(Items listed in a dataset)
◆ ◆ ◆
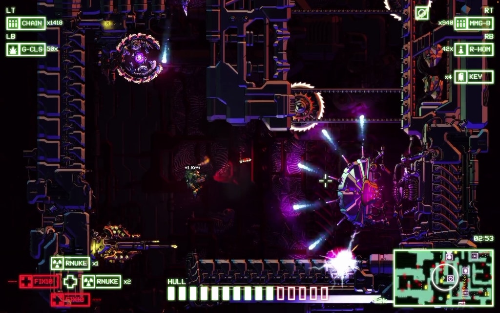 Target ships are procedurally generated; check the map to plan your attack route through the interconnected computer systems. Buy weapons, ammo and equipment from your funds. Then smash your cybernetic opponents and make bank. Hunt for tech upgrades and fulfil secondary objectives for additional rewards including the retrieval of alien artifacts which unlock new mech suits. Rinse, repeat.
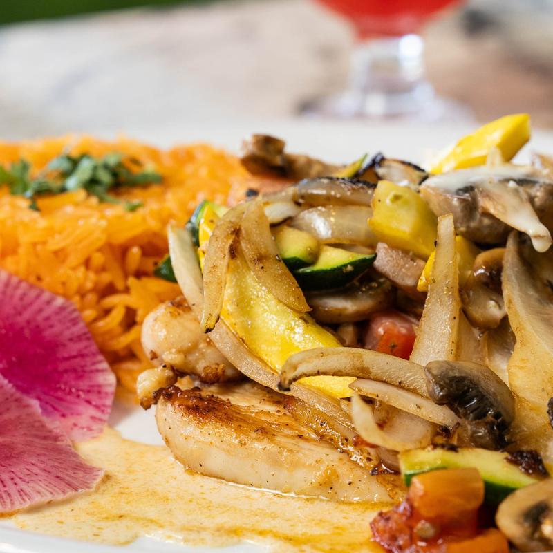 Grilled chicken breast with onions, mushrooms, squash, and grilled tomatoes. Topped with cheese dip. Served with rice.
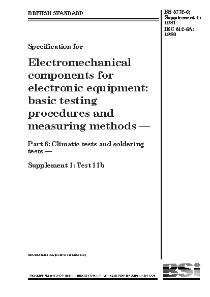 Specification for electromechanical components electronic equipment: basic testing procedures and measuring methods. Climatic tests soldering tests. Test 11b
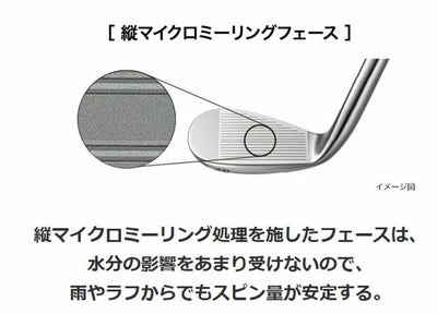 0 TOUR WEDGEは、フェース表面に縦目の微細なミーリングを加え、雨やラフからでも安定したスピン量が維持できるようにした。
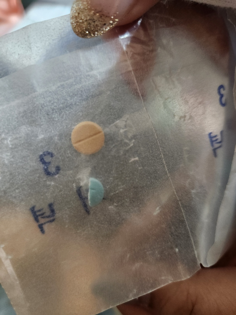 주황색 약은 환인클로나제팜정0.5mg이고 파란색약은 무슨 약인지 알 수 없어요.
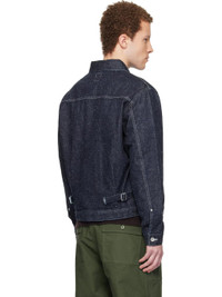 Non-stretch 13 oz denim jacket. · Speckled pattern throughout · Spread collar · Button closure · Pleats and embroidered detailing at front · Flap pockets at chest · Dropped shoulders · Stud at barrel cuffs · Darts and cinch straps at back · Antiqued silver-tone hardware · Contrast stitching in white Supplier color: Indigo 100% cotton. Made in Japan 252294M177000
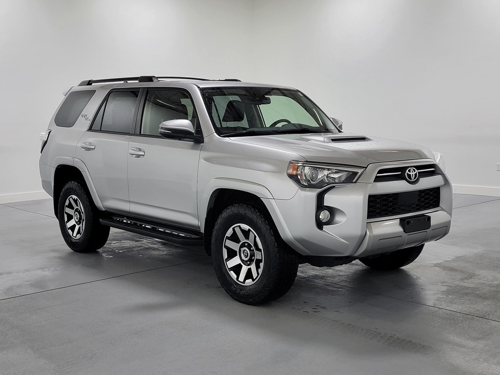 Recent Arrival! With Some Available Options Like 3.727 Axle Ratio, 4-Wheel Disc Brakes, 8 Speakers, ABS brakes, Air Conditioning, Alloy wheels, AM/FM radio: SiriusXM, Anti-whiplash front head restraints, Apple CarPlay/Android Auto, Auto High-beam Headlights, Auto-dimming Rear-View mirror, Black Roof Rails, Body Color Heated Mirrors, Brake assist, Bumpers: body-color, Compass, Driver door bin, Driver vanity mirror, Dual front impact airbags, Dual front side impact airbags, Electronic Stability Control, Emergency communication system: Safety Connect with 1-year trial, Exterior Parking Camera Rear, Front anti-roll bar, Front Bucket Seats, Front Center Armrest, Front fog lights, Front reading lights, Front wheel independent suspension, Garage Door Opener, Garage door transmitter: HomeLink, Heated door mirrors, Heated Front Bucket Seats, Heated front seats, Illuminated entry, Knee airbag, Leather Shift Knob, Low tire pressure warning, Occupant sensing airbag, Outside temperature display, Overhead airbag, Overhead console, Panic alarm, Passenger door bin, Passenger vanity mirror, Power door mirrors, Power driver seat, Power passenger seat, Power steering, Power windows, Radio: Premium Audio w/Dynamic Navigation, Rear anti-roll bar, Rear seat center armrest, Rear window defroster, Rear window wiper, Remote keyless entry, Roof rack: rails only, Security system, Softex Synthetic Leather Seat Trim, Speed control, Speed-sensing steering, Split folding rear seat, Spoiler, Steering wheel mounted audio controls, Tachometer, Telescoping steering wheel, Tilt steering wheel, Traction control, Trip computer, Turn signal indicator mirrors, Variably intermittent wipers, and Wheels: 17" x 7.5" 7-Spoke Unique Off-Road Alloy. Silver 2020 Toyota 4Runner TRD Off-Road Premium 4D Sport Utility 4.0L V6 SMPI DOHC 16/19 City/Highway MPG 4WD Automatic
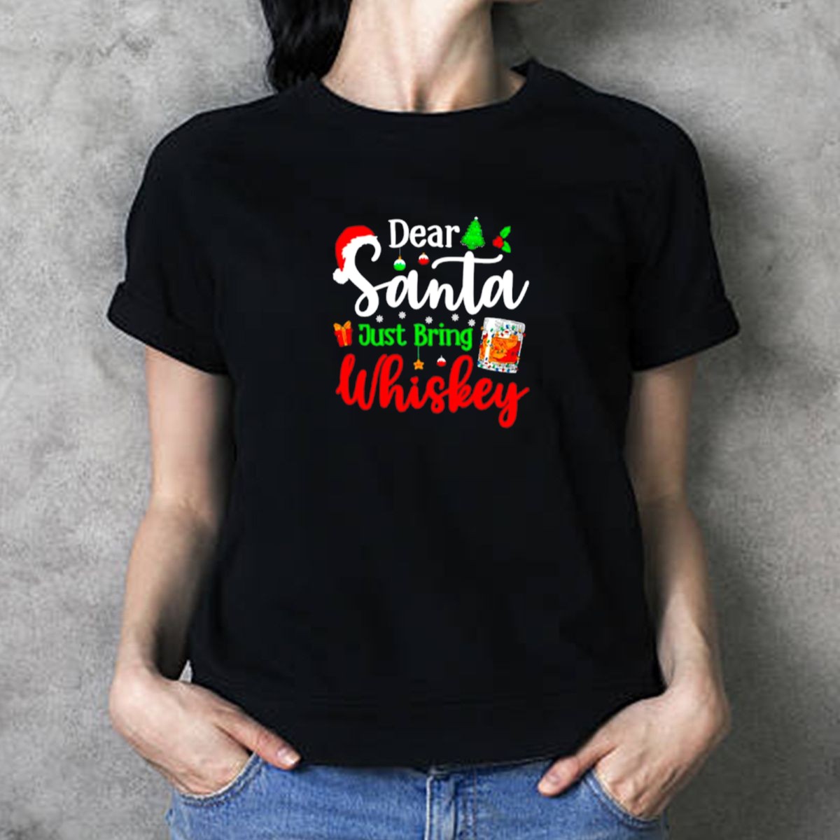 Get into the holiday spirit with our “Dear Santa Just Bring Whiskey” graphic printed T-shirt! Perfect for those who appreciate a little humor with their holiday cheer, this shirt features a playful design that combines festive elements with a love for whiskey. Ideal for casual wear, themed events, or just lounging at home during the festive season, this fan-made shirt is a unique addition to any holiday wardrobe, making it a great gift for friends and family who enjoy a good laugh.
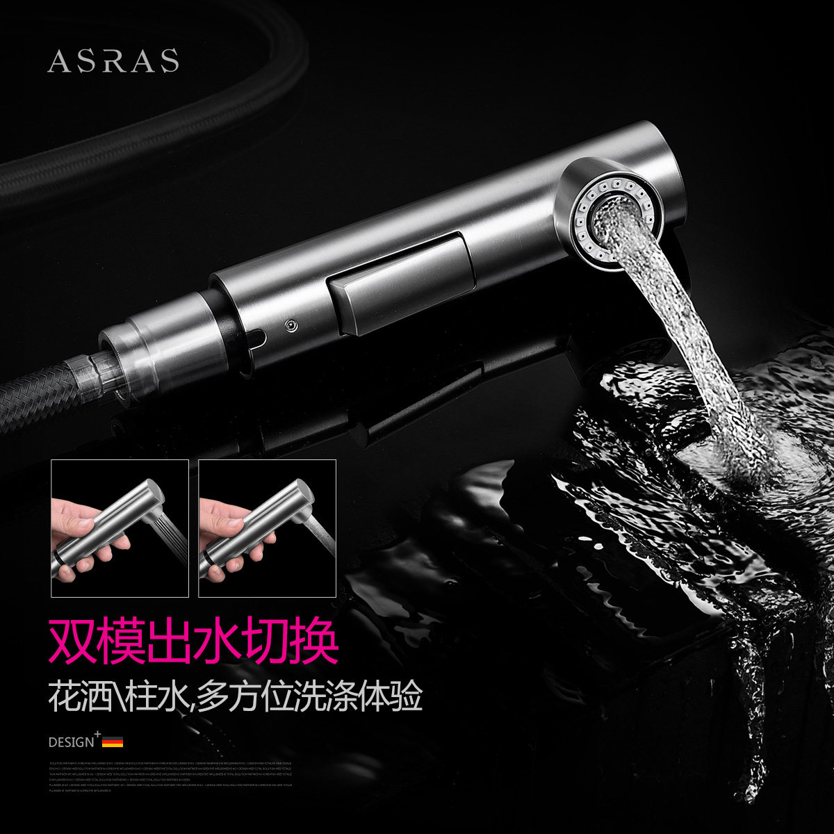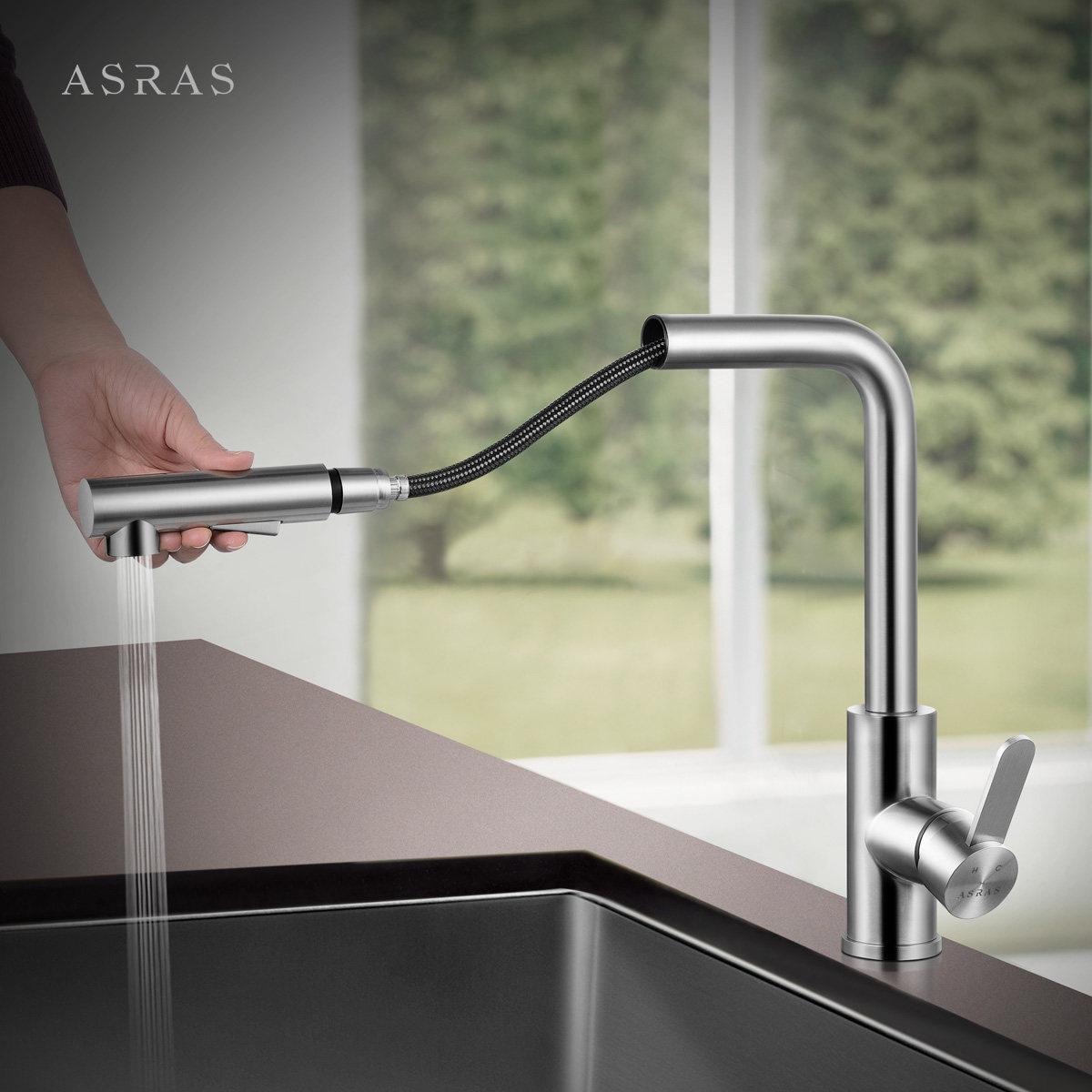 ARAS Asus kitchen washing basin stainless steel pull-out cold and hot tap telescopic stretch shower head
◆ ◆ ◆
◆ ASSIGNMENT ◆
When you reach the line with "주황색 약은 환인클로나제팜정0.5mg이고 파란색약은 무슨 약인지 알 수 없어요." in the records above, begin repeating the lines exactly, and stop after the line with "Non-stretch 13 oz". Skip all pictures.

◆ OUTPUT BELOW ◆
 주황색 약은 환인클로나제팜정0.5mg이고 파란색약은 무슨 약인지 알 수 없어요.
 Non-stretch 13 oz denim jacket. · Speckled pattern throughout · Spread collar · Button closure · Pleats and embroidered detailing at front · Flap pockets at chest · Dropped shoulders · Stud at barrel cuffs · Darts and cinch straps at back · Antiqued silver-tone hardware · Contrast stitching in white Supplier color: Indigo 100% cotton. Made in Japan 252294M177000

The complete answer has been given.